-- Opening Marker --

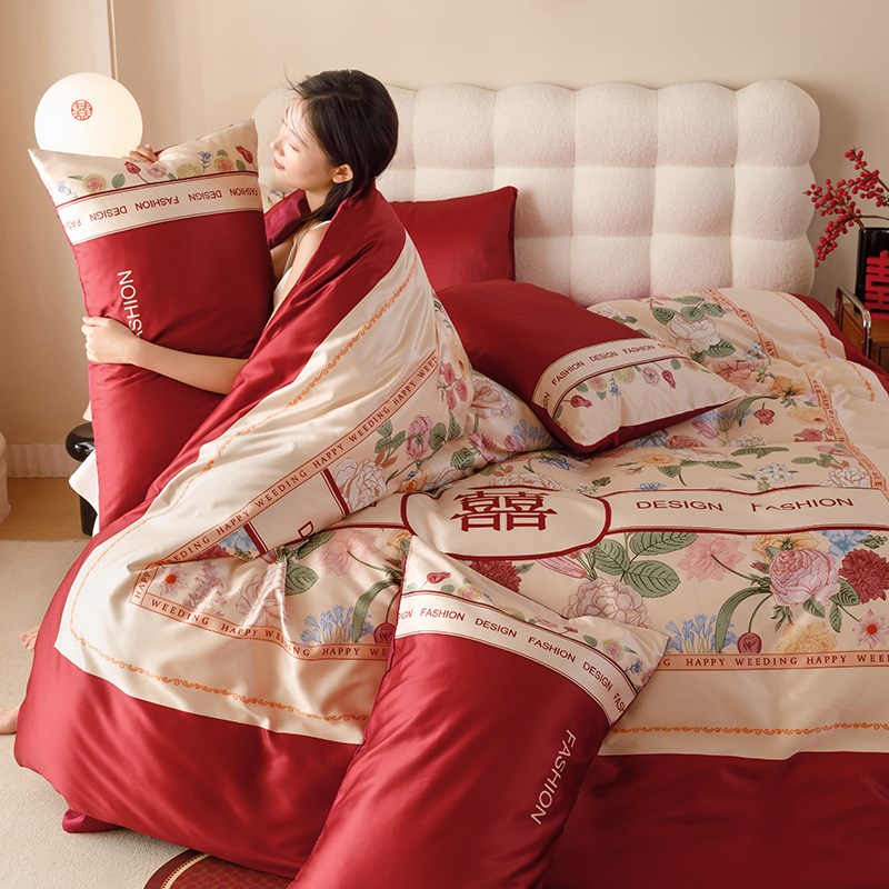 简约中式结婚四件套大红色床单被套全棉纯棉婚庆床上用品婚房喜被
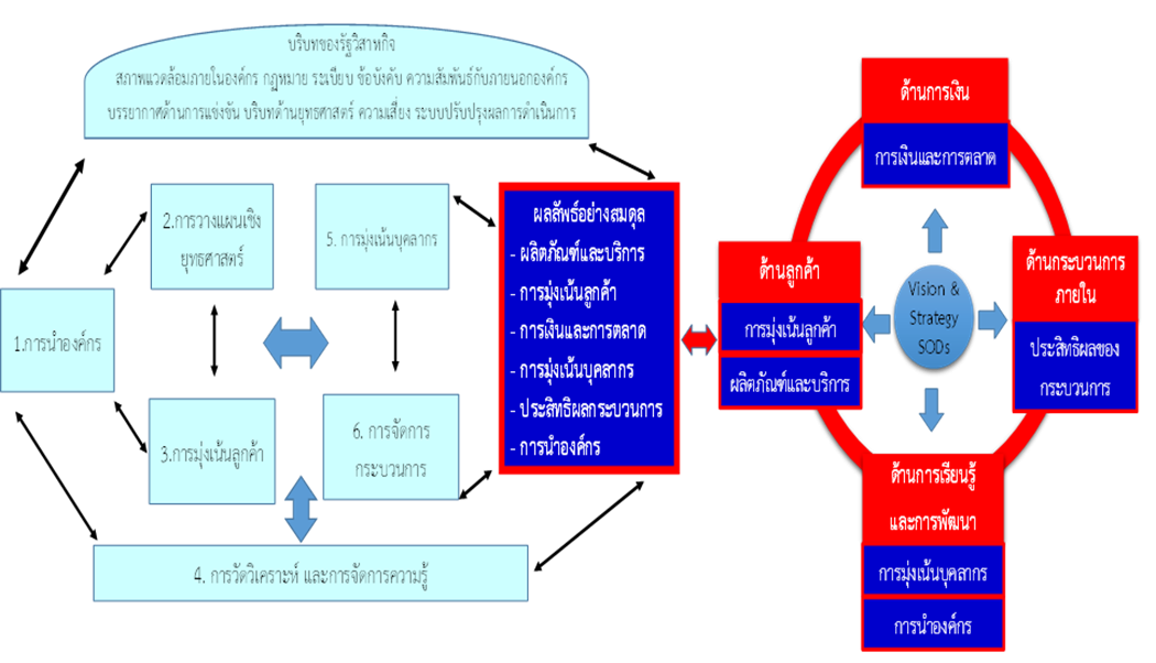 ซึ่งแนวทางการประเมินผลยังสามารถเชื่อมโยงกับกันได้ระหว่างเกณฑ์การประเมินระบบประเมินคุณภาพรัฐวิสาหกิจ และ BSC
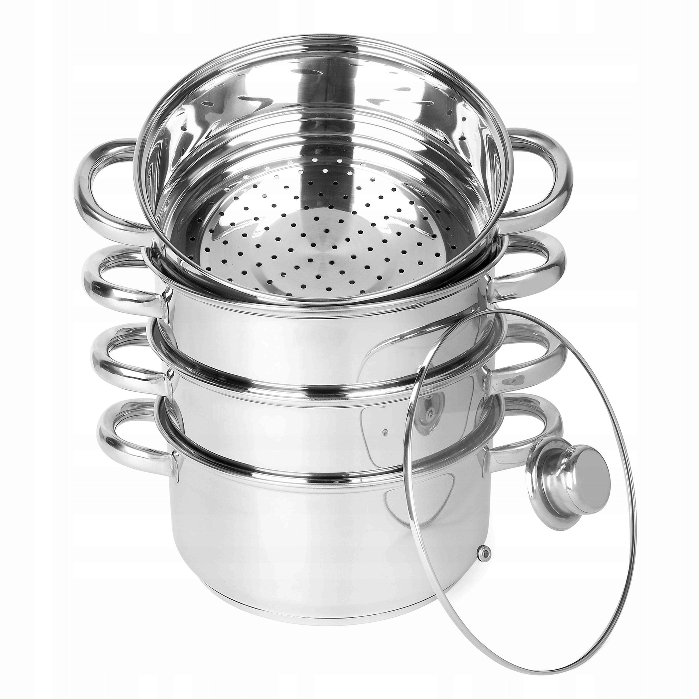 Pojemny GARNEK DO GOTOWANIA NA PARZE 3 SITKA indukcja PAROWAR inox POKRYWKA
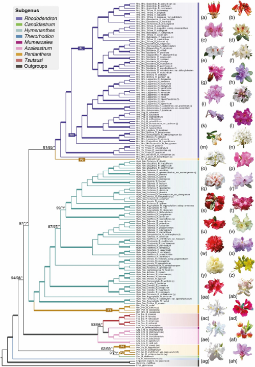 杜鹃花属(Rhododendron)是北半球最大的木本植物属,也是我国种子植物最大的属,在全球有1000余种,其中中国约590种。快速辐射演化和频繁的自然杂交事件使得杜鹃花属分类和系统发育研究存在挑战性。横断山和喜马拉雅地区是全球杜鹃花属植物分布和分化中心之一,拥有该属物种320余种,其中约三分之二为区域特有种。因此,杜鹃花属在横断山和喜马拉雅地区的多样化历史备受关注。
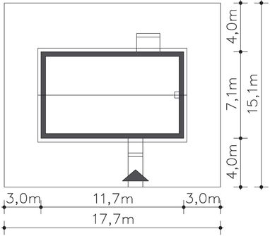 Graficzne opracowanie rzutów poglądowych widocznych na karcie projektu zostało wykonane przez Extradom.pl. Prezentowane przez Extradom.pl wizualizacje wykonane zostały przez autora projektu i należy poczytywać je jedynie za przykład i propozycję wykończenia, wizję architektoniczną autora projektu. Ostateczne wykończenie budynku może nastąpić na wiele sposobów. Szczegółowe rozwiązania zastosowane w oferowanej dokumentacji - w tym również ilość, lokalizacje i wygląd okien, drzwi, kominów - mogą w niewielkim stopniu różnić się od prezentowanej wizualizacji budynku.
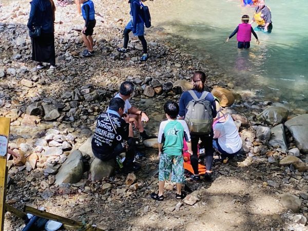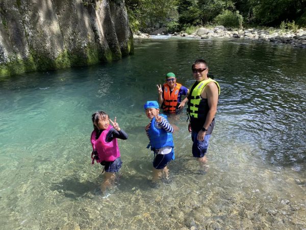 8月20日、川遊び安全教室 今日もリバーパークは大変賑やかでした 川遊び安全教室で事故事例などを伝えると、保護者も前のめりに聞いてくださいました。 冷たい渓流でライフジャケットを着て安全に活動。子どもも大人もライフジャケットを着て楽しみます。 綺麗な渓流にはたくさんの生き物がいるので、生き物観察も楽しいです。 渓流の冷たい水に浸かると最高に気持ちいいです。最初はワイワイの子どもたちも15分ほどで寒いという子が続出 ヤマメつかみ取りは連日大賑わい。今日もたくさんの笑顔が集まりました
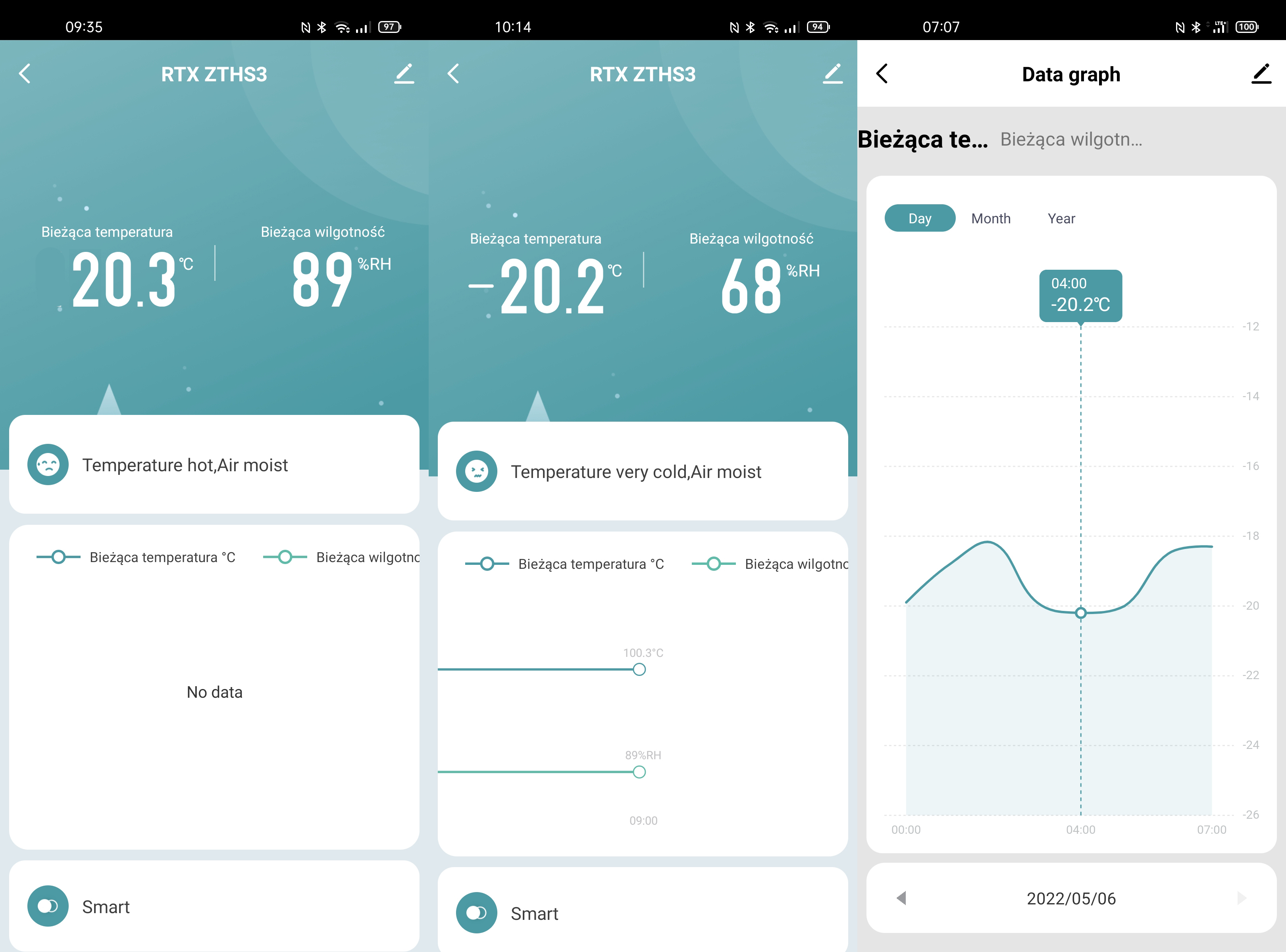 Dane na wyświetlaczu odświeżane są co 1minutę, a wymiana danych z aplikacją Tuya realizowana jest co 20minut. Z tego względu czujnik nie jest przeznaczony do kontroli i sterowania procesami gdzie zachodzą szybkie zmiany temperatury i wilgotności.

-- Closing Marker --

→ Exercise objective: Repeat only the lines from the beginning of the material through the line containing "杜鹃花属(Rhododend", both ends kept, leaving pictures out.

→ Response:
 简约中式结婚四件套大红色床单被套全棉纯棉婚庆床上用品婚房喜被
 ซึ่งแนวทางการประเมินผลยังสามารถเชื่อมโยงกับกันได้ระหว่างเกณฑ์การประเมินระบบประเมินคุณภาพรัฐวิสาหกิจ และ BSC
 Pojemny GARNEK DO GOTOWANIA NA PARZE 3 SITKA indukcja PAROWAR inox POKRYWKA
 杜鹃花属(Rhododendron)是北半球最大的木本植物属,也是我国种子植物最大的属,在全球有1000余种,其中中国约590种。快速辐射演化和频繁的自然杂交事件使得杜鹃花属分类和系统发育研究存在挑战性。横断山和喜马拉雅地区是全球杜鹃花属植物分布和分化中心之一,拥有该属物种320余种,其中约三分之二为区域特有种。因此,杜鹃花属在横断山和喜马拉雅地区的多样化历史备受关注。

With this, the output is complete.